• [STORED DATA]:
================

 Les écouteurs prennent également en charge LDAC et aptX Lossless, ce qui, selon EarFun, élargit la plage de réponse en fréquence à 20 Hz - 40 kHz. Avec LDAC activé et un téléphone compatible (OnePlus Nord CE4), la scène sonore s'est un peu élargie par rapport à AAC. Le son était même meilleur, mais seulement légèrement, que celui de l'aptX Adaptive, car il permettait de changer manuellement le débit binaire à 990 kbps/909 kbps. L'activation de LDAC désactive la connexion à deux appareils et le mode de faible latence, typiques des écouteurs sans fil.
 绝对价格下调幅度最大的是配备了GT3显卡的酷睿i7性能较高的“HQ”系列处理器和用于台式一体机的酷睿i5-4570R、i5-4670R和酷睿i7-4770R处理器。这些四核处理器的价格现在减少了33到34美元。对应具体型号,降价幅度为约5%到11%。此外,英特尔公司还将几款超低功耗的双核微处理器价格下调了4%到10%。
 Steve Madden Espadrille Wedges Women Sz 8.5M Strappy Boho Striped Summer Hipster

================

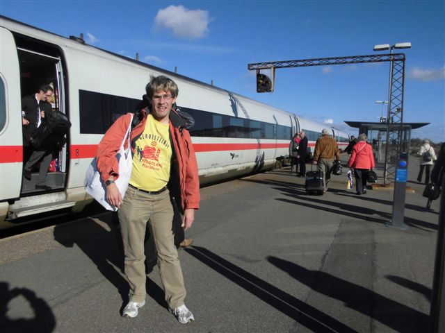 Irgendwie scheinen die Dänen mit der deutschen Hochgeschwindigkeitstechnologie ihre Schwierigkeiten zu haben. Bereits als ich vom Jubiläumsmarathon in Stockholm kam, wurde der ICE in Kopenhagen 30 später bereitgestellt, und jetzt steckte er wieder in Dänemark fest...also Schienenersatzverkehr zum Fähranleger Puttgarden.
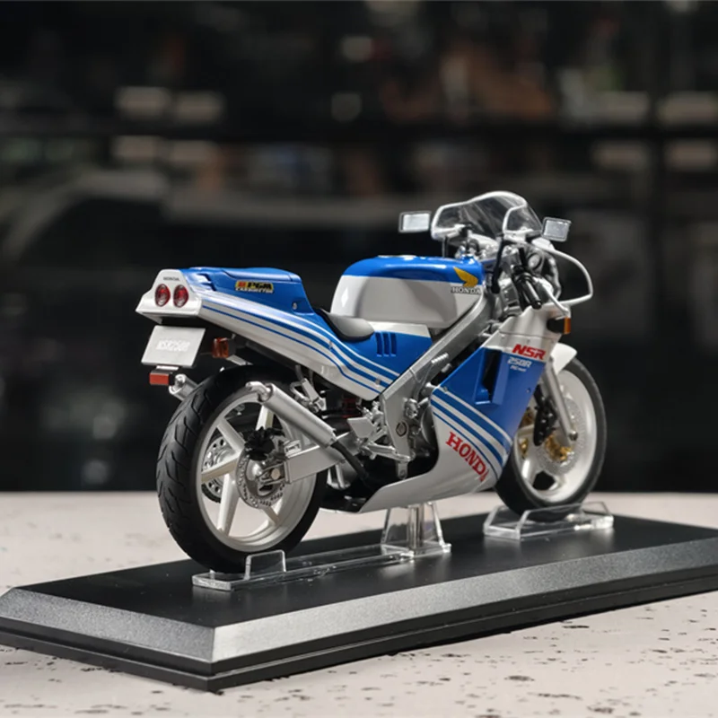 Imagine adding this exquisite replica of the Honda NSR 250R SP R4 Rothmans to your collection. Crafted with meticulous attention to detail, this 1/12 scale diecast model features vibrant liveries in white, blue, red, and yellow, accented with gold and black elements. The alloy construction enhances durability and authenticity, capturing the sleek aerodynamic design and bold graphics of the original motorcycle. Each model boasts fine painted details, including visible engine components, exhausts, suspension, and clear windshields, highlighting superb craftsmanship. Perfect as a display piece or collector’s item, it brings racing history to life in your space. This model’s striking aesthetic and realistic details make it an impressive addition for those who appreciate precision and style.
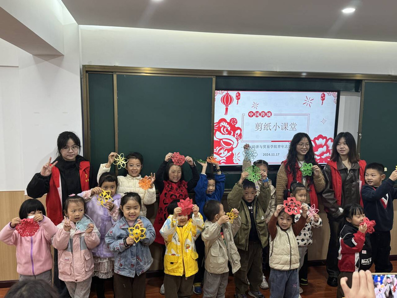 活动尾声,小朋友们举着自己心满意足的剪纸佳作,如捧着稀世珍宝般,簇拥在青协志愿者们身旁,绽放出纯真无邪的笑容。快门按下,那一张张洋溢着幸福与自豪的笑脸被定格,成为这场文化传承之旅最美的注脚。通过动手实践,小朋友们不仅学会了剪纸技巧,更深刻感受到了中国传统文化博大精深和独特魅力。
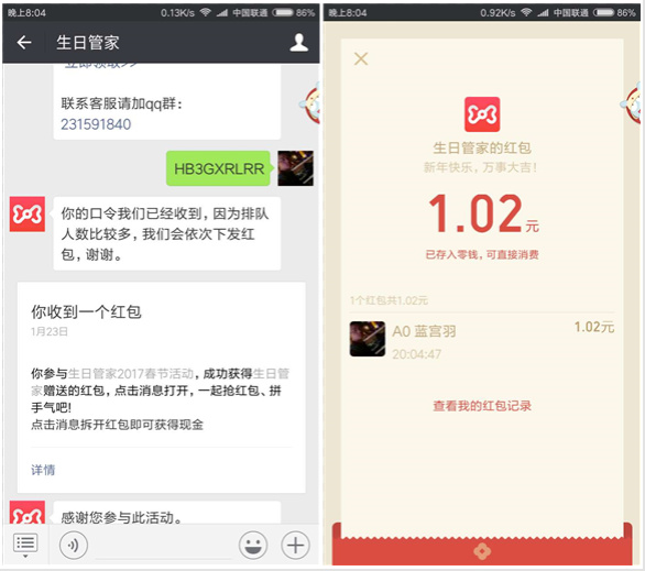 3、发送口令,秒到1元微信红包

================

• [PROMPT]: Please output the lines above beginning at the line with "活动尾声,小朋友们举着自己心" and ending after the line with "3、发送口令,秒到1元微信红包", precisely as written and with no pictures.

• [TASK ANSWER]:
 活动尾声,小朋友们举着自己心满意足的剪纸佳作,如捧着稀世珍宝般,簇拥在青协志愿者们身旁,绽放出纯真无邪的笑容。快门按下,那一张张洋溢着幸福与自豪的笑脸被定格,成为这场文化传承之旅最美的注脚。通过动手实践,小朋友们不仅学会了剪纸技巧,更深刻感受到了中国传统文化博大精深和独特魅力。
 3、发送口令,秒到1元微信红包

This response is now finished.